[Saved data entries]
• • • • • • •
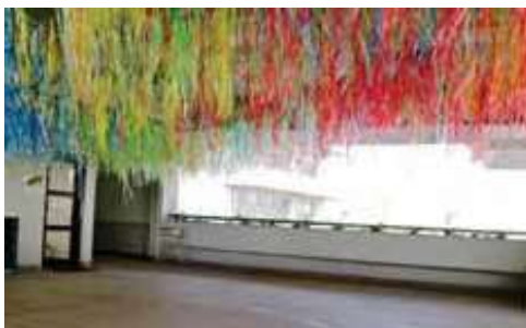
2年生：オーストラリア大陸「グレートバリアリーフやブルーマウンテンを参考に、5色のすずらん紐を結び合わせた作品」
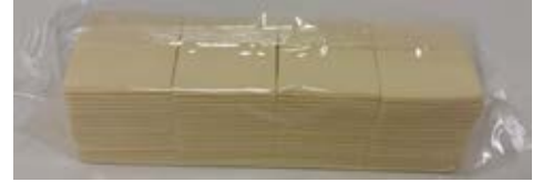
Queso Procesado Sabor Emmental 2.27 kg (160 slices)
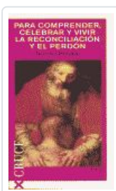
PARA COMPRENDER, CELEBRAR Y VIVIR LA RECONCILIACION Y EL PER BOROBIO, DIONISIO
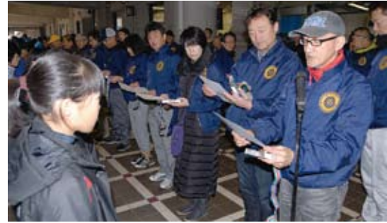
雨のため軒下で表彰式でした。
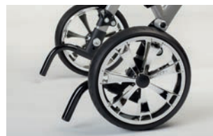
Antivuelcos para talla 4
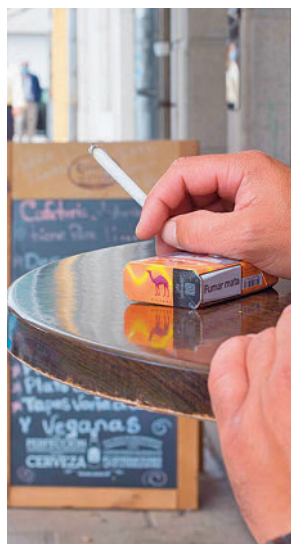
Más dudas con el tabaco

"Es evidente que hay una creciente demanda ciudadana a favor del avance de
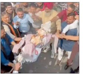
श्रीनगर

▶▶ बीजेपी विधायकों का हंगामा, दस्तावेज की कॉपी फाड़ी ▶▶ CM उमर अब्दुल्ला का पुतला जलाया
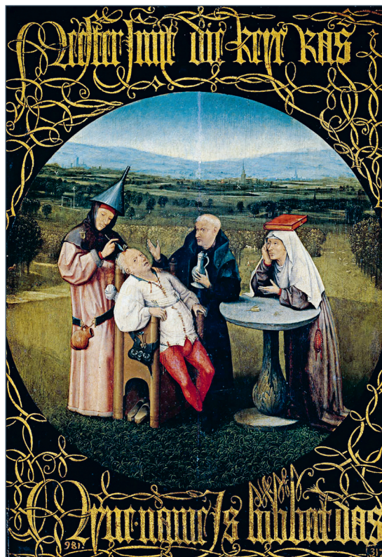
Hieronymus Bosch: A kőoperáció, 1490 körül. Prado, Madrid

A következő évek során a különböző szenvedélybetegségek, az alkoholizmus (LAM 1993/10. szám), a dohányzás (LAM 1994/4. szám), a túltápláltság vagy pontosabban a mértéktelen zabálás (LAM 1997/1. szám), illetve ezek gyakran kifejezetten komikus, szatirikus hangvételű ábrázolásai is terítékre kerültek. Orvostörténeti vonatkozású írásaim között szintén külön kategóriát képeztek
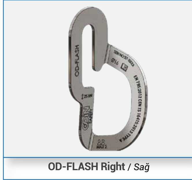
OD-FLASH Right / Sağ
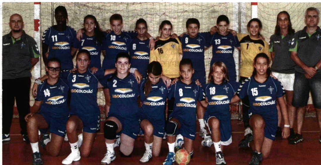
VONTADE. A equipa de iniciadas femininas dos "Caixeiros" já mostraram que o trabalho feito nos últimos dois anos deu resultado
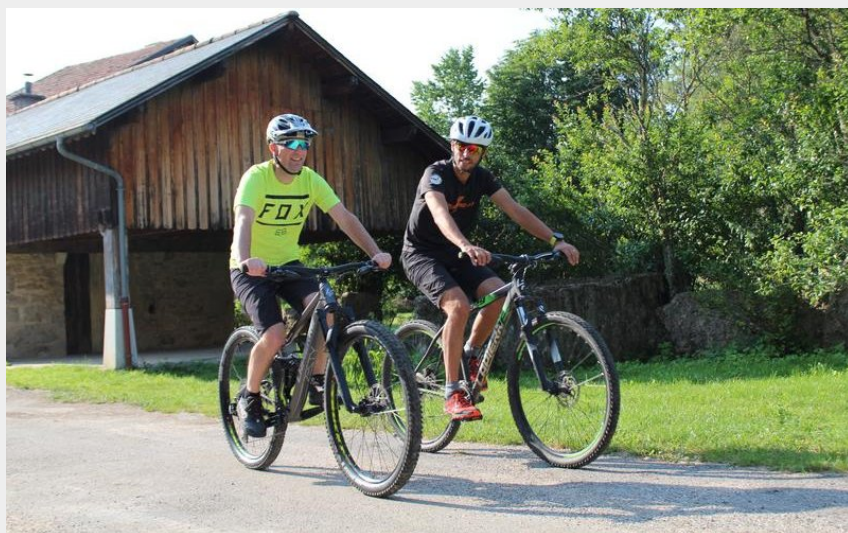
Parcours VTT 53 rouge - Les Cadettes de la Ragiaz - Espace FFC Ain Forestière (Benjamin DESSALES)
• • • • • • •
AIM OF THE TASK:
Lines wanted from the entries above: the one with "Queso Procesado Sabor", the one with "Hieronymus Bosch: A", and all lines between. Please copy them exactly, without the pictures and without anything else.

RESPONSE FOR THIS EXERCISE:
Queso Procesado Sabor Emmental 2.27 kg (160 slices)
PARA COMPRENDER, CELEBRAR Y VIVIR LA RECONCILIACION Y EL PER BOROBIO, DIONISIO
雨のため軒下で表彰式でした。
Antivuelcos para talla 4
Más dudas con el tabaco

"Es evidente que hay una creciente demanda ciudadana a favor del avance de
श्रीनगर

▶▶ बीजेपी विधायकों का हंगामा, दस्तावेज की कॉपी फाड़ी ▶▶ CM उमर अब्दुल्ला का पुतला जलाया
Hieronymus Bosch: A kőoperáció, 1490 körül. Prado, Madrid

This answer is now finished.